Work item: Without any pictures, print exactly the lines that run from the start of the data through the line containing "Use 3β4 ice".

### Data to use

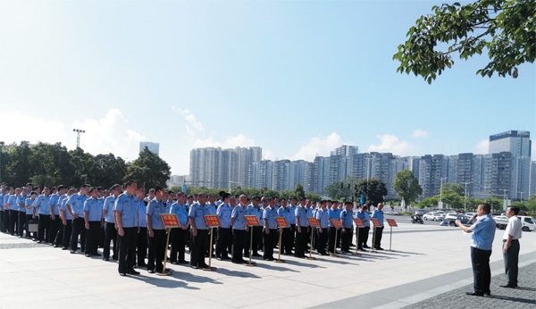市城監(jiān)大隊(duì)隊(duì)員整裝待發(fā)給力創(chuàng)文。
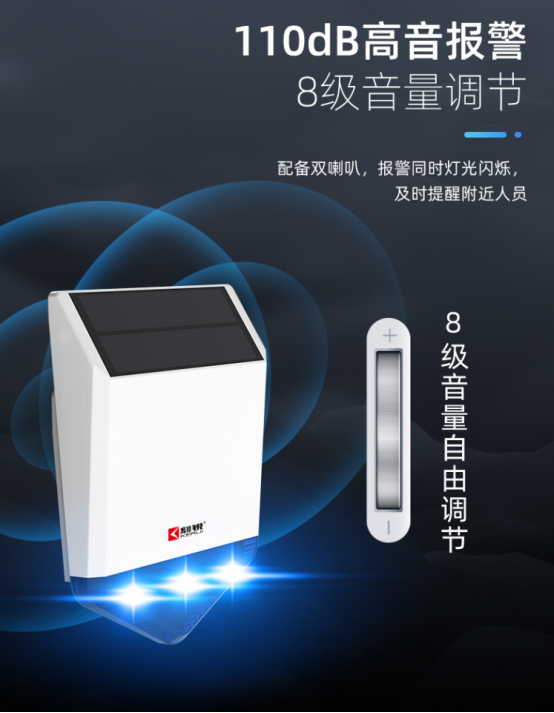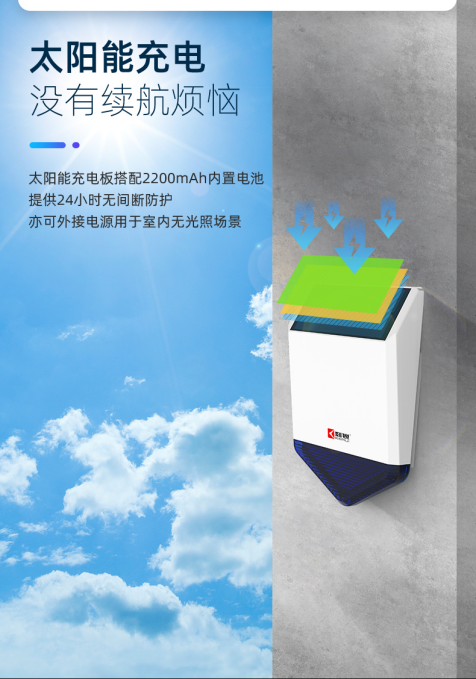 刻銳研發的SJ1太陽能聲光報警器是將報警主機與警號集成一體的安防報警產品,該報警器可以連接紅外探測器當報警主機使用,也可以連接報警主機當聲光警號使用。
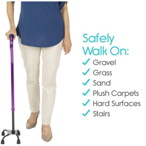 - SUPERIOR STABILITY AND TRACTION ON ANY SURFACE: Safely navigate over any surface, indoors and out. The quad cane base provides greater traction on smooth surfaces such as hardwood, laminate or tile floors as well as greater stability on uneven surfaces such as grass, sand, gravel or plush carpets. The versatile cane is made with a durable anodized aluminum frame that is adjustable from 28” to a maximum of 37” and supports up to 250 pounds.
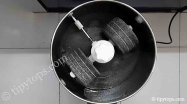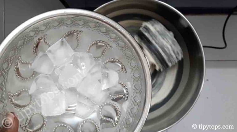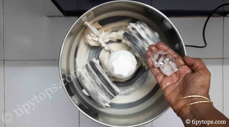 Use 3β4 ice cubes or 80 ml ice-cold water while grinding.
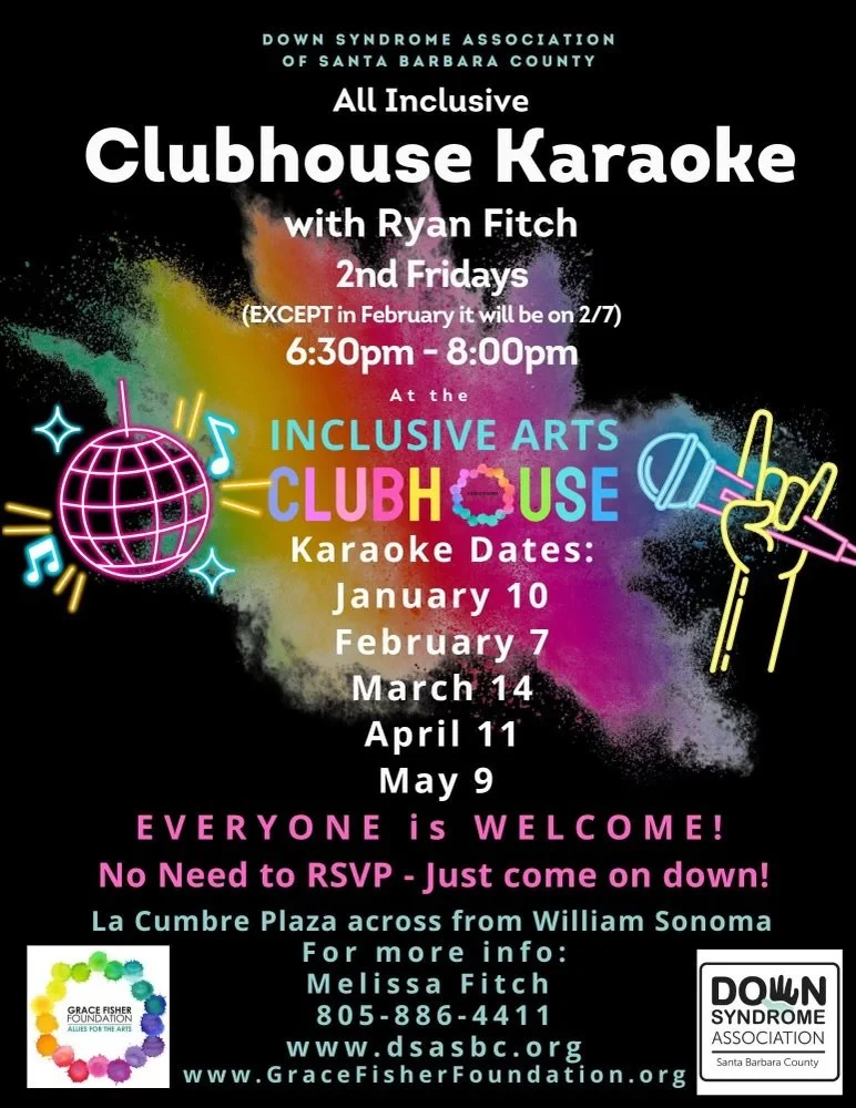 Clubhouse Karaoke! Friday, March 14, 2025 6:30 PM 8:00 PM Grace Fisher Foundation Inclusive Arts Clubhouse 120 South Hope Avenue Santa Barbara, CA, 93105 United States (map) Google Calendar ICS
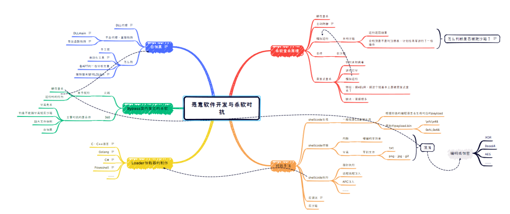 这个就是免杀学习的一个思路吧,大体就是从 shellcode 的生成,传输,执行这三大过程,衍生出来的一系列的对抗手法。
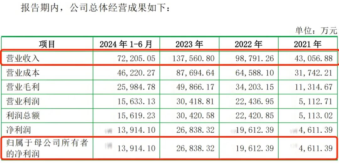 招股书显示,2021至2024年上半年(以下简称“报告期”),优优绿能的营业收入分别为4.31亿元、9.88亿元、13.76亿元和7.22亿元;归母净利润分别为4611.39万元、1.96亿元、2.68亿元和1.39亿元。
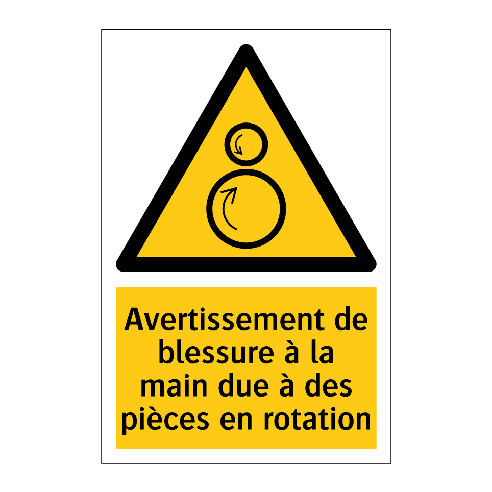 Panneau d'avertissement avec le texte : "Avertissement de blessure à la main due à des pièces en rotation"

######

Answer for this exercise:
市城監(jiān)大隊(duì)隊(duì)員整裝待發(fā)給力創(chuàng)文。
 刻銳研發的SJ1太陽能聲光報警器是將報警主機與警號集成一體的安防報警產品,該報警器可以連接紅外探測器當報警主機使用,也可以連接報警主機當聲光警號使用。
 - SUPERIOR STABILITY AND TRACTION ON ANY SURFACE: Safely navigate over any surface, indoors and out. The quad cane base provides greater traction on smooth surfaces such as hardwood, laminate or tile floors as well as greater stability on uneven surfaces such as grass, sand, gravel or plush carpets. The versatile cane is made with a durable anodized aluminum frame that is adjustable from 28” to a maximum of 37” and supports up to 250 pounds.
 Use 3β4 ice cubes or 80 ml ice-cold water while grinding.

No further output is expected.